我抱住她说:我喜欢你现在的样子。她笑了,笑得很甜美。
车开进酒店大门,她说:你先上楼,我换件衣服就去找你。
我原以为她会和我一起上楼的,听她这一说我有点忐忑不安,这时候她要不来了,我不得跳楼去?
她说:我还要补补妆,另外我是不可以和你一起进房间的,放心,我一定会去的。
回去我就进了浴室,先用冷水浇灭欲火,再洗掉鸡鸡勃起时流出的粘液,穿好睡衣钻进毛毯,打开了电视。

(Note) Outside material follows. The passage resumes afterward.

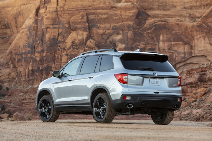 The combative Passport passed on the Pilot’s conventional alloy wheels, opting instead for black five-spoke 20-inch wheels wrapped with 265/45 tires – the tiresome auto-industry equivalent of a sleeve of tattoos.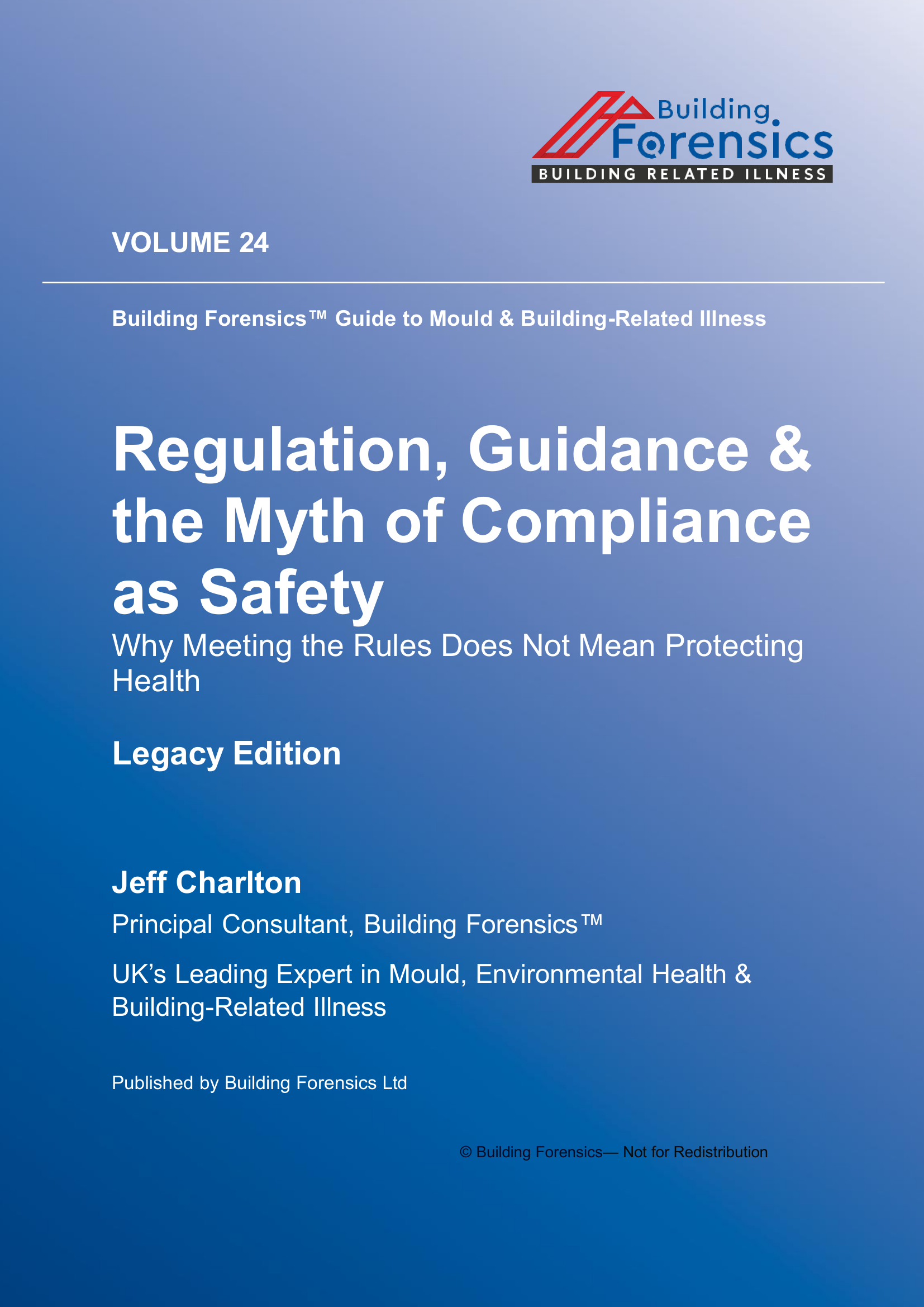 Vol 24 Regulation, Guidance & the Myth of Compliance as Safety examines the environmental and health mechanisms discussed throughout this volume of the Global Microbial Building Related Investigation series. The book analyses contamination pathways, indoor exposure dynamics, and investigative challenges that often lead to misunderstanding or underestimation of mould and microbial hazards in residential and commercial buildings. Drawing on documented environmental cases, building science, and exposure evidence, the volume explores how hidden reservoirs, contaminated dust, ventilation pathways, and microbial by‑products can continue affecting occupants even after remediation attempts appear complete. Particular attention is given to diagnostic misinterpretation, environmental testing limitations, and procedural assumptions that prevent accurate identification of ongoing contamination. The discussion highlights why surface inspection alone rarely reflects the true environmental burden and why incomplete remediation strategies can allow hazards to persist or re‑emerge. Practical investigative principles are outlined for identifying contamination sources, interpreting environmental evidence, and understanding the broader health implications of building‑related exposure.

她很快就来了,一身素妆打扮,比白天少了一点严肃,多了几分妩媚,真是可爱可人。
看到我要去抱她,用手指在嘴上嘘了一下,示意我看继续电视,自己拎着一个很雅致的坤包进了浴室。
听着哗哗的水声,我浮想联翩,心潮起伏。难以平息的欲火在体内燃烧,勃起的鸡鸡立马硬到了顶点。水声停了,我也关掉了电视,静静等待她的出现。可是半天她就是不出来,我实在难以忍受寂寞的煎熬,顾不上什么绅士风度推门冲进浴室,只见她双手捂着脸,肘部护着乳房,傻傻地站着。我抱起她还带着水滴的身体用力扔到了床上。

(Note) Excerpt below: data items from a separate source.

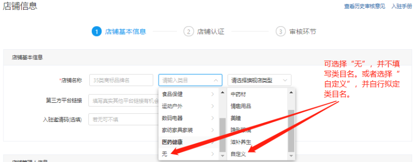②旗艦店和專(zhuān)營(yíng)店類(lèi)目設(shè)置為選填,當(dāng)選擇“無(wú)”時(shí),店名中可不加入類(lèi)目詞。且支持商家選擇“自定義”并自主擬定類(lèi)目名。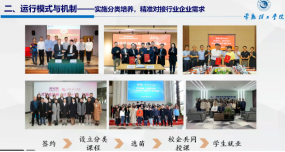 本次报告中,张技术教授首先向大家介绍了产业学院的缘起和现状,以及现代产业学院建设的核心要素,提出产业学院的实质是学校、行业全过程协作,培养符合业界需要的应用型人才。然后,张教授从建设背景、运行模式与机制、建设成效等方面详细介绍了产业学院的建设情况。张教授指出,产业学院通过制度创新、成立企业联盟、校企八共同、分类培养、学生双向选择、教师双向交流等方式,建立了长效运行机制,精准对接行业企业需求,调动了行业育人的积极性,使企业全程、全方位参与人才培养。最后,张教授从产业学院的建设内容、地域空间、培养就业以及校企互动等方面提出了未来构想。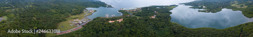 High angle aerial 360 panorama of the Parrot Tree area of Roatan, Honduras.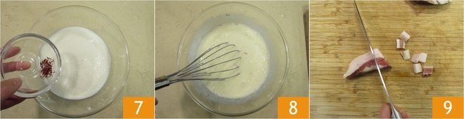 Now pour the buffalo milk into a bowl and infuse the saffron threads 7. Stir with a whisk 8 until the saffron has dissolved and the cream has taken on the same color as the yolk. Now take care of the guanciale. Cut the 200 grams into larger cubes 9.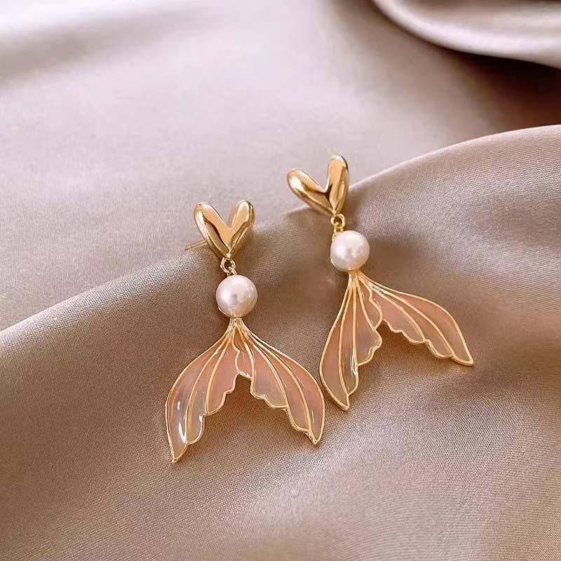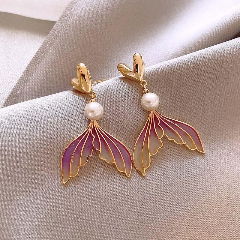 2024 Новая Мода Градиентные Серьги-Капли с Жемчугом в Форме Рыбьего Хвоста для Женщин Элегантные Милые Длинные Асимметричные Темпераментные Серьги с Цирконом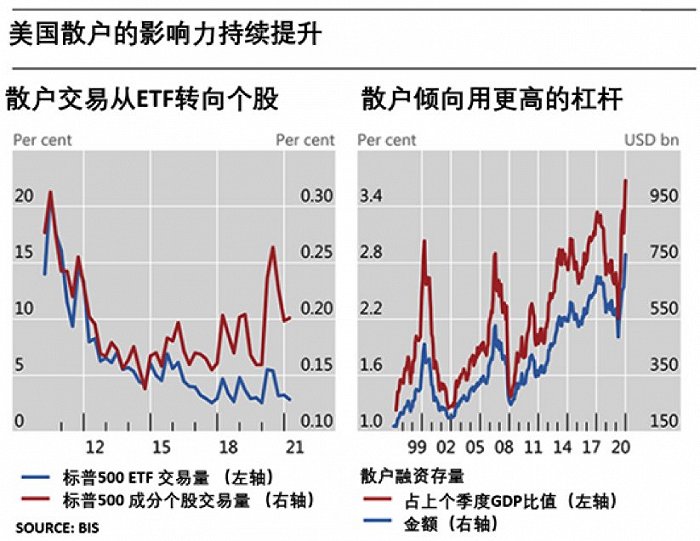 国际清算银行(BIS)在3月初发布的报告显示,疫情以来美国散户交易活动正从ETF指数越来越转向个股,且散户融资金额近期也创下了历史新高。报告称,散户投资者对市场的影响力正在持续提升。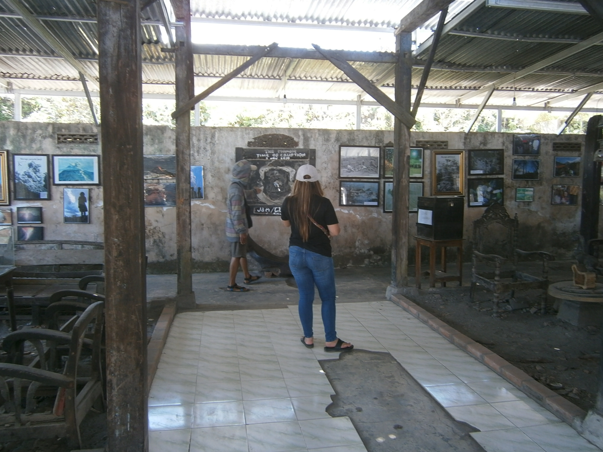 Bayu sigap menjawab pertanyaan ketika mereka tertarik pada benda-benda yang dipamerkan di rumah itu. Ada peralatan dapur, alat elektronik, perkakas rumah tangga. Banyak yang sudah berubah bentuk. Hampir semua berwarna abu-abu pucat oleh pasir dan debu Merapi yang melekat.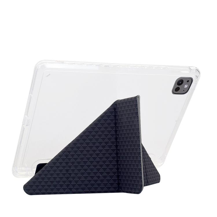 Funda de cuero inteligente con textura piramidal plegable en Y para iPad Air 13 (2024/2025) y Pro 12.9 (negro)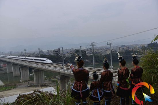 本網訊 12月6日,榕江縣幾位侗族姑娘在貴廣高鐵月寨大橋旁觀看試運行的動車。
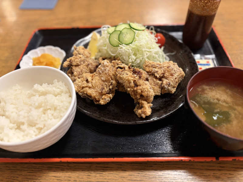 唐揚げ大きい。高価なキャベツもたくさん乗ってる。

没容她拉床单盖上裸体,我便轮流允吸着她尖尖的乳房,中指深深插入她的阴道,在里面搅动着;她紧紧抱着我,脸钻进我的腋下,两腿上下扭动。
我从来不为女人口交,今天突发奇想要尝尝她的那里。我搬开腿让阴户敞开,分开密密的阴毛,一手揉她的阴蒂,一手摆弄她长长的小阴唇。因为是第一次,我小心的闻闻,和她身上的香味一致,是一种我从未闻过的香味;舔一下咸咸的,舔着舔着我把小阴唇含在了嘴里,像是吃棉花糖,有种要化了的感觉。她开始疯狂的挣扎,蹬掉了毛毯,拽下了床单,枕头早不知飞哪去了。看着她在疯狂挣扎真比我插进去搞还爽,要不是她喊叫里有日本话,我差点忘了她是日本女人,那是一种征服感的极大满足。我停止了玩弄,她也安静下来,想找床单掩盖自己,被我按住了,她捂着脸掩着胸左右滚动。我平躺下,把她抱在我身上趴着,鸡鸡在下面试着顶她的阴道,口口水多也松一下就进去一半了,她又往下退了退,龟头正好顶在子宫口上。我搂着她的腰,她仰起上身用手捂着我的眼睛,不让我看她,自己在上面大力晃动,连床都发出了吱吱的响声。和平野不同的是平野是一下一下抽插,鸡鸡在里面的行程很长;雅子是插进去后晃动,让龟头摩擦她的某个部位。但效果是一样的。十分钟不到她高潮就来了,淫水流到了我的阴囊上,还继续往下流,她也顾不上捂我眼睛了,抱着我的头狠狠的吻着我,直到咬住我的嘴唇,趴在我的脸上大口喘气为止。歇了歇,我拍拍她示意再来一次,她抬起头眼里闪着泪花,看着我说:狼先生,我满足了,很很很满足了。我不要了,再要我会死掉的。
我翻身把她压在身下,吻着泪花说:怎么会呢?平野可比你的要求多多了。
是姿势不对还是不舒服?
她说:舒服,真的很舒服。我喜欢你什么姿势我都能到顶点,女人到顶点的舒服男人都理解不了。
我说:我今天要好好理解理解,不过你得配合我啊。
她有点恐惧,一边挣扎一边瞪眼看我,似乎不认识我了。我始终微笑看着她,我知道她是跑不掉的。挣扎一会儿她就老实了,用无助的目光看着我,声音有点哀求的说:放过我吧,我害怕。
我:怕我伤害你?她摇摇头。怕我纠缠你?她还是摇头。
我说:那就什么也别怕了,让我也好好舒服舒服。
我变换着姿势干她,她都很配合,嘴里也是吱吱呀呀,就是缺少了刚才的那份激情和疯狂。